As a blue collar worker, I want the government to butt out. Let the company do what it does. I agree there must be certain regulations as far as EPA and EEO are concerned. Those I nor do many others, have a problem with. How ever, if the government decides to raise taxes on corporations, do you seriously think that they will just sit and not respond. Remember, their number one purpose is to make profits. They will do what ever it takes to recover the lost revenue. Perfect example is the BofA atm fee. The Dodd/Frank bill limited the amount that a bank can charge a retailer on a debit card transaction. (it was actually the Durbin amendment to that bill.) That one bill would cost BofA 35 to 40 million dollars a year. Did Dodd and Frank really think BofA was going to sit and eat the losses? They were warned multiple times that this would happen, yet they decided to pass the amendment anyway. In response, BofA had no choice but find a way to offset the losses. Now, do the math. If it was to cost BofA that much, multiply that by the number of banks that got their debit fees reduced. Dont be surprised to see many more banks jump on the debit card fee also once their stock holders see the lost revenue. Again, the outcry will be directed at the banks, not at the poorly written legislation where it should be. The whole point of that is simply to point out that every time government tries to impose a fee, or limit what a corporation can charge, they simply make up the loss somewhere else. With out fail, it always results in the consumer(you and I) paying more. Its simple math. Get the government out of the way, and you will see things bloom.

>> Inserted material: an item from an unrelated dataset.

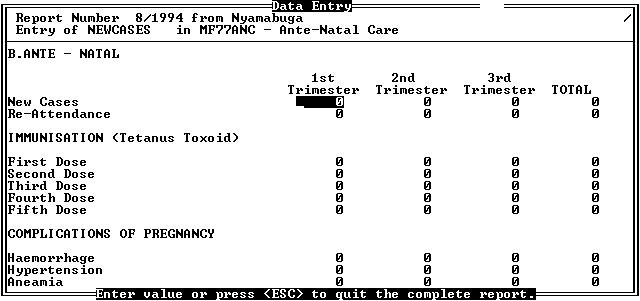 data entry fields now. All the entry fields are filled with zeros. That is because no report number 8/1994 has been entered for Nyamabuga, yet. If a health unit was selected for which a report had been entered

[-] 0 points by wavefreak58 (134) 13 years ago

A salary cap imposes an arbitrary limit and is just different form of demagoguery.

Suppose all a salary did was measure the good a person brings to society. A salary cap would then imply that the amount of good a person can do has a strict upper bound.

[-] 1 points by light24bulbs (3) 13 years ago

'good' is a completely unrelated concept. Income at that level means POWER. The idea here is that there should be an upper limit on the amount of power a person can have in a democratic society.

[-] 2 points by wavefreak58 (134) 13 years ago

Are you suggesting that power cannot be wielded for good?

Any arbitrary limit is another form of oppression. What it would accomplish is that those that by nature follow the rules would find their power limited and that those that by nature seek to concentrate power would find ways around the rules.